The Stolypins were distinguished by their beauty, Maria was not exception. She was said to have inherited her tall stature from her father and her English grandmother.

Upon her debutant, Maria Stolypina immediately attracted the attention of the court. Nicholas I, a connoisseur of female beauty, granted her the position of maid of honour at the end of 1836. Admiral Mordvinov, fearing where this would lead, decided to quickly marry her off. At first, she was only allowed into the palace during the day so that she may return to her grandparents every evening. Later, she had to move into the palace. Later, in March of 1839, Mordinov reluctantly gave his consent to the appointment of his youngest granddaughter, Vera Stolypina, as maid of honour to Grand Duchess Alexandra.

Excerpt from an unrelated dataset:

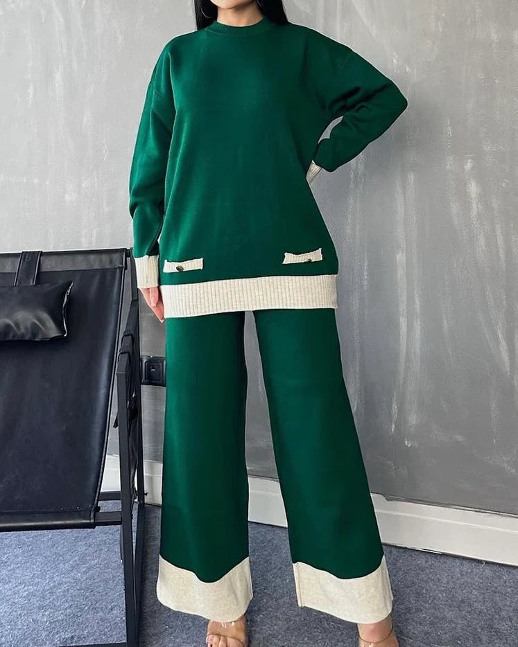 Introducing Premium Knit Co Ord - a luxurious two piece set featuring a stylish jumper with contrast borders and intricate gold button detailing. Complete the look with the matching wide leg trousers, designed with an elasticated waist for ultimate comfort. Perfect for elevating your winter outings with elegance and sophistication.
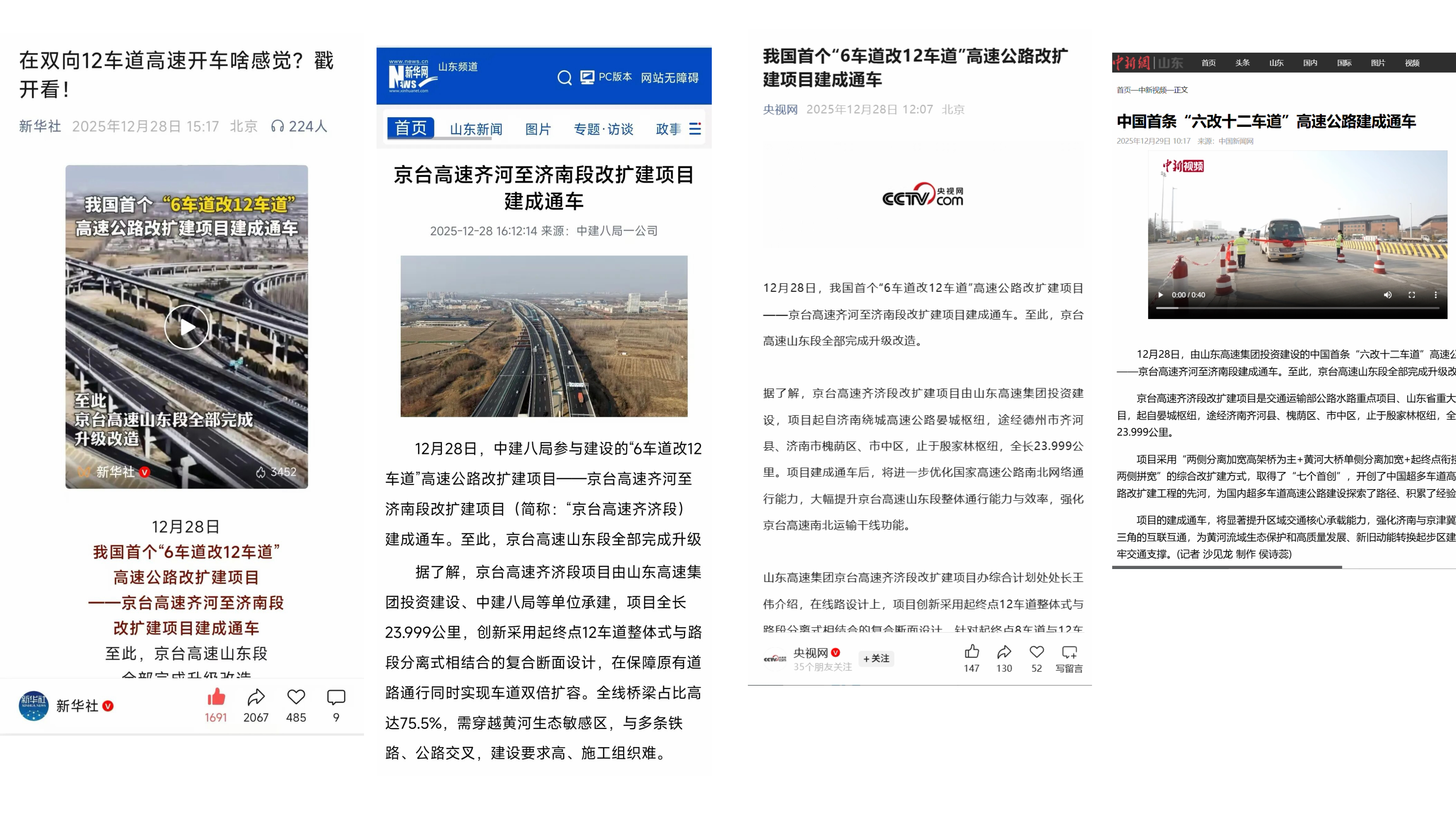 12月28日,由中建八局承建的国内首条“6改12”高速公路项目——京台高速齐济段改扩建项目建成通车。至此,京台高速山东段全部完成升级改造,日均通行能力提升至约15万辆次,对优化国家高速公路南北网络通行能力具有重要意义。

At the beginning of 1837, Maria Arkyadyevna became the bride of the wealthy landowner Ivan Alexandrovich Beck (1807-1842). Her son-in-law, Sergei Dmitrievich Sheremetev wrote:"She didn't know her future groom. He visited the Mordvinovs' house, where they loved him, but she never thought about him. She was barely 17 years old, and she was still sitting at her lessons when they sent her to say that Henrietta Alexandrovna Mordvinova was calling her, who immediately announced to her that she should marry the groom she had chosen, I. A. Beck. Maria Arkadyevna was confused, almost cried and did not immediately understand what was happening. The groom was introduced, no objections were allowed, and the wedding took place."The wedding took place on 8 November 1837 in St. Isaac's Catherdral. The witness for the groom was Alexey Petrovich Lazarev, the witnesses for the bride were, Leonty Vasilyevich Dubelt and Prince Mikhail Alexandrovich Dondukov-Korsakov. Ivan Beck served in the Collegium of Foreign Affairs and was in the diplomatic service in Holland at the same time as Prince Vyazemsky, who later married his widow.

Beck was a gifted person, he studied painting and music. He was a poet, writing on the topic of love, and one of the first to translate "Faust" by Goethe into Russian. Contemporaries noted his skill and command of poetic language. He was friends with Alexander Turgenev and Ivan Kozlov.

The marriage was short lived and did not bring Maria much happiness. Beck became ill and went mad, which manifested violently. Unable to cope, he died on 23 April 1842, and was buried in the Alexander Nevsky Lavra, at the Lazarevskoye cemetery.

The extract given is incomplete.